Budapest and Beyond: Chart an Epic Course Through Hungary
For a landlocked nation, Hungary spends a lot of its life on the water. In fact, some of the most iconic and amazing experiences to be had there spring from the local lakes and rivers. So chart your own course along the nation’s waterways—ideally, this coming spring or summer. For all kinds of inspiration, read on.
Bask on the banks in Budapest
To quote no less than UNESCO, “This stretch of the Danube has been the location of human settlement since the Palaeolithic.” Impressive, sure—but not the only reason Budapest’s riverbanks earned World Heritage status: “The scenic view of the banks of the Danube as part of the historic urban landscape is a unique example of the harmonious interaction between human society and a natural environment.” Put otherwise, these are some seriously bucket-listy banks.
Of course, just strolling along them is transcendent, but to max out your experience, explore them from a multitude of angles: Hit the Fellini Kultúrbisztro (read: culture bistro) on the Buda-side Római shore, where—from May to October—you can kick back in the deck chairs, dip your toes in the Danube, and bliss out as the boats pass you by. Over on the Pest side, check out Pontoon—a mini-festival with alfresco movie screenings, live music and tasty treats. But arguably the greatest spectacle at Pontoon is Buda skyline itself, best observed with a fröccs wine spritzer in hand.

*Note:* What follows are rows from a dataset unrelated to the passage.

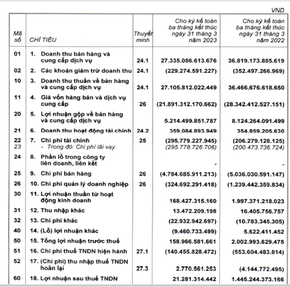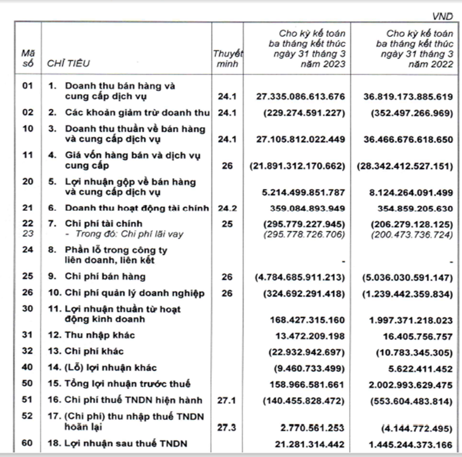 Biên lợi nhuận gộp giảm từ 22% trong quý I/2022 xuống 19% trong quý I/2023, trong khi chi phí hoạt động mặc dù đã giảm đáng kể nhưng mức giảm chi phí không tương ứng với sự sụt giảm doanh thu do một số chi phí cố định, dẫn đến tác động mạnh lên lợi nhuận ròng.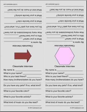Students pair up by matching shapes on cards, interview each other, and write the answers to questions on the cards. A great back to school activity.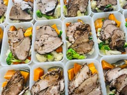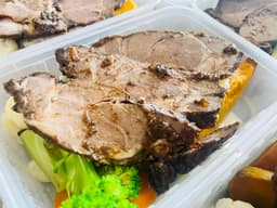 Pork marinated overnight with our Chinese inspired recipe for our Eat Real Complete Meal which is with Roast Pumpkin & Sweet Potato & Fodmap Friendly Steam Vegetables. Who said eating vegetables are boring?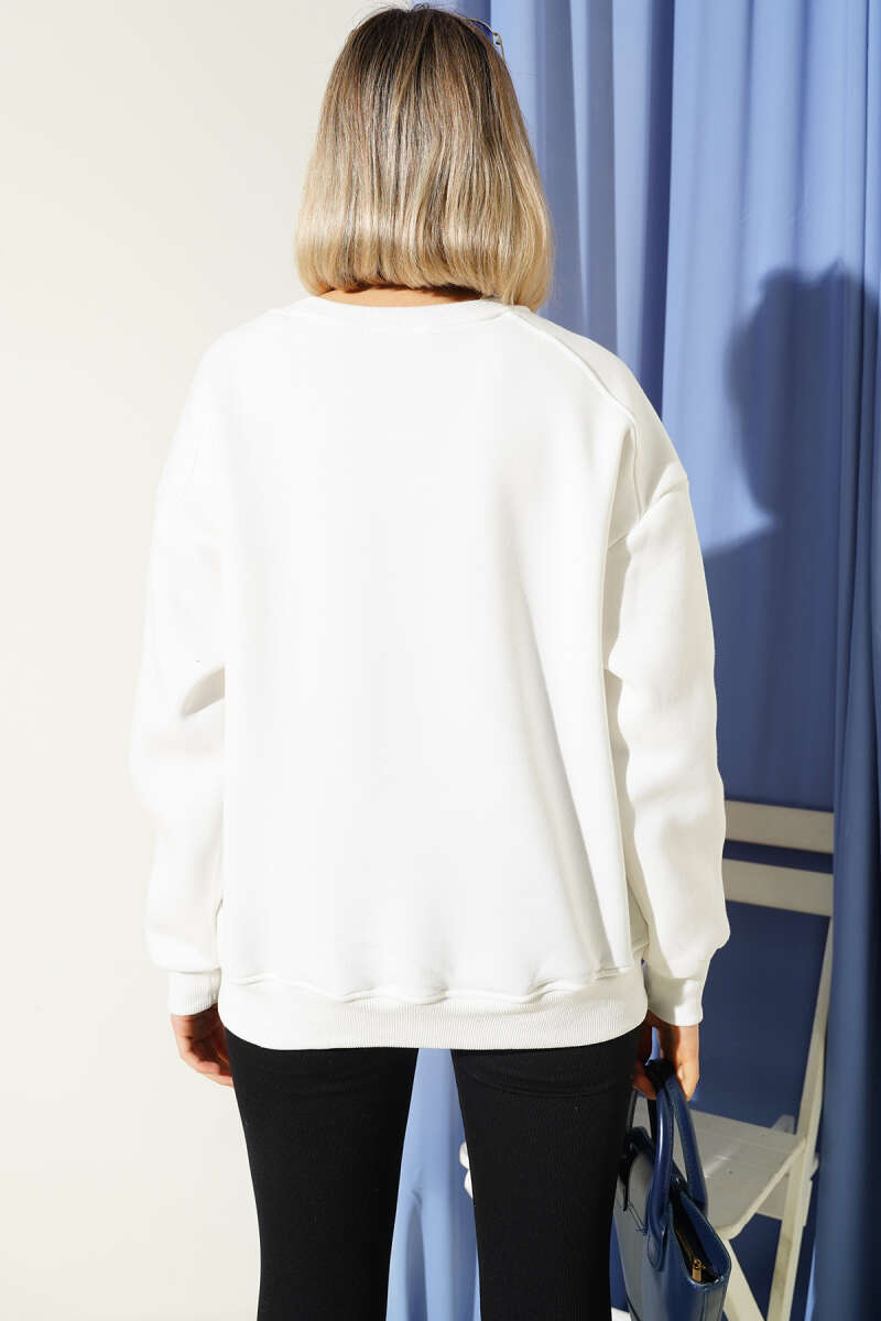 Ayıcıklı Üç İplik Gömlek Yaka Sweatshirt Ekru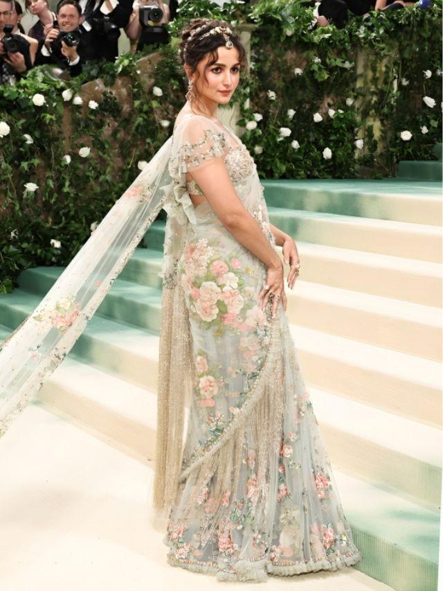 Alia Bhatt saiu da floresta encantada ou é só impressão minha? Parece que a moda de flores está mais forte do que a de um jardim de infância. Fico imaginando quem vai ter coragem de usar isso em uma festa de verdade.

Once you’ve fallen for the Danube, which will take about a nanosecond, tops, you’re not going to want to stop at the shores. Some of the city’s best finds are on the water. Bike, tram or walk to lovely Margaret Island, Budapest’s water-surrounded answer to Central Park, where you’ll find everything from Franciscan ruins to classical music. Nearby Óbuda Island is famous in its own right as the home of the epic Sziget Festival. The 2020 edition is slated for Aug. 5–11, and though the lineup has yet to be confirmed, just know that past headliners have included everyone from Rihanna to Post Malone. Even the city’s iconic bridges get in on the mid-river festival scene: The Liberty Bridge, specifically, becomes pedestrian-only on certain balmy weekends, when it hosts concerts, yoga and picnics.
For one of the most sublime experiences to be had on the Danube, however, book a SUP Budapest tour between May and August, when you can paddle along the river at sunrise. Watching the sun gradually illuminate the dramatic cityscape from the water is something no Insta-story can properly capture.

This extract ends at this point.